На самом деле эта полиция, действующая вне рамок полиции как таковой, чаще всего играет весьма мирную роль. Организована она была для борьбы со шпионажем, но после войны стала чем-то вроде экономической полиции, основной задачей которой было пресекать незаконную деятельность картелей. А потому всякий раз, когда какая-нибудь финансовая, политическая, религиозная или иная группировка становилась угрозой для безопасности государства, в дело вмешивалось Бюро расследований и, случалось, оказывало неоценимую помощь правительству.
На сей раз речь идет о другом: за девять дней девять человек погибли насильственной смертью, причем в пяти или шести случаях имеются явные признаки убийства. Некоторые сходные черты этих преступлений, личности жертв, а также письма с угрозами, полученные другими членами организации, в которой состояли погибшие, доказывают, что все это – части одного дела: грандиозной кампании устрашения – или даже полного уничтожения, – затеянной (но кем?) против этих людей, чья роль в политике, хоть и неофициальная, по-видимому, очень велика и которые поэтому пользуются… определенной…
Площадь Префектуры – большая, квадратная, с трех сторон окруженная аркадами домов; с четвертой стороны ее замыкает здание префектуры, массивное, претенциозное, с завитками и ракушками, но, к счастью, без особых излишеств, умеренно уродливое.

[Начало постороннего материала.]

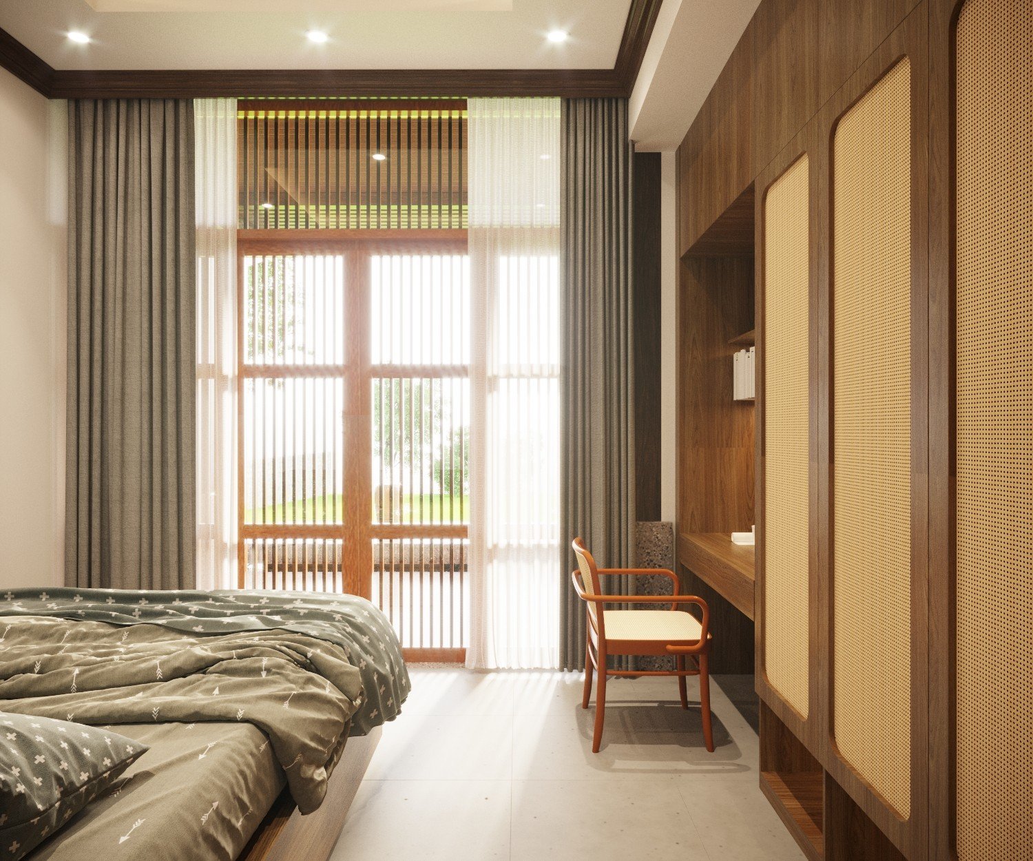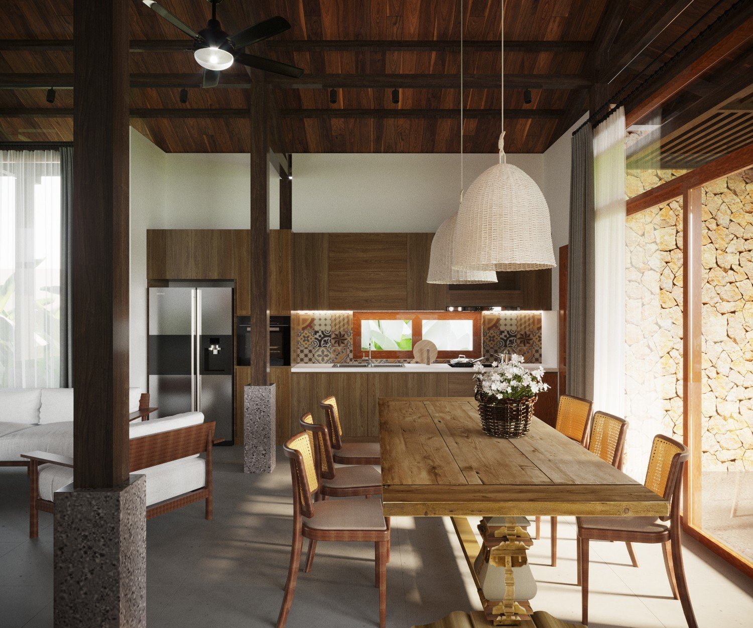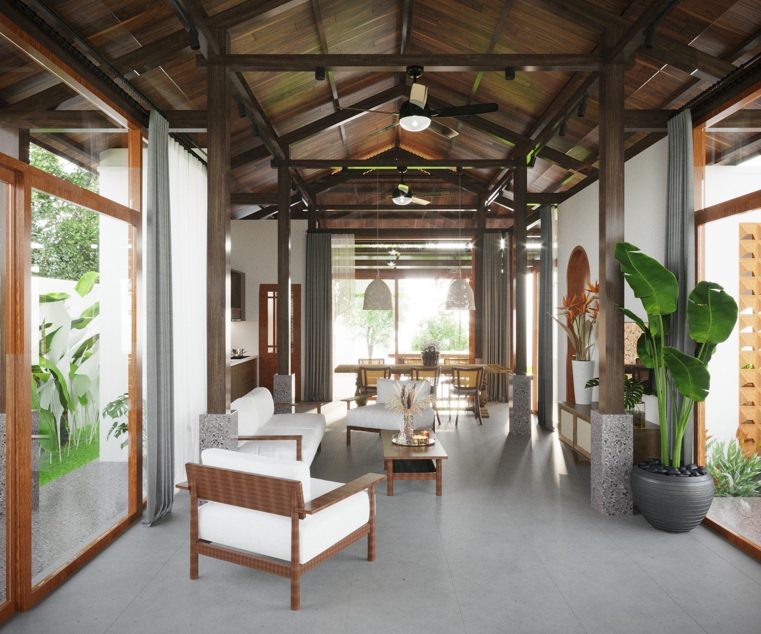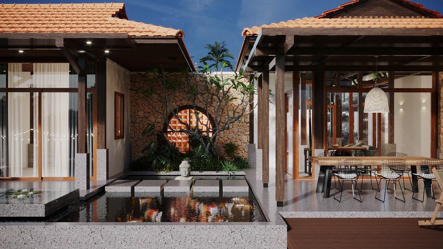 Một công trình nhà vườn đã được Kiến Trúc S hoàn thiện trọn gói, từ ý tưởng thiết kế 3D, lập phương án kiến trúc chi tiết, đến thi công và hoàn thiện nội thất một cách chuyên nghiệp. Ngôi nhà nổi bật với không gian xanh, sân vườn rộng rãi, tiểu cảnh hài hòa và cây xanh được bố trí tinh tế, mang lại cảm giác trong lành, mát mẻ và thư giãn tuyệt đối. Ánh sáng tự nhiên và gió trời được tối ưu hóa, giúp không gian sống luôn thoáng đãng và gần gũi với thiên nhiên.

Посреди площади на невысоком пьедестале, окруженном решетчатой оградой, стоит бронзовый монумент: запряженная парой коней греческая колесница, а в ней – несколько фигур, очевидно аллегорических, чьи неестественные позы не очень вяжутся со стремительным движением колесницы.
От противоположной стороны площади начинается проспект Королевы, обсаженный чахлыми, уже оголенными вязами. В этом квартале на улицах почти безлюдно; редкие прохожие с поднятыми воротниками и черные ветки деревьев раньше времени придают ему зимний облик.
Дворец правосудия должен быть где-то недалеко, ведь город, не считая предместий, не так уж обширен. На часах префектуры примерно десять минут восьмого, а значит, в распоряжении Уоллеса еще целых три четверти часа, чтобы обследовать окрестности.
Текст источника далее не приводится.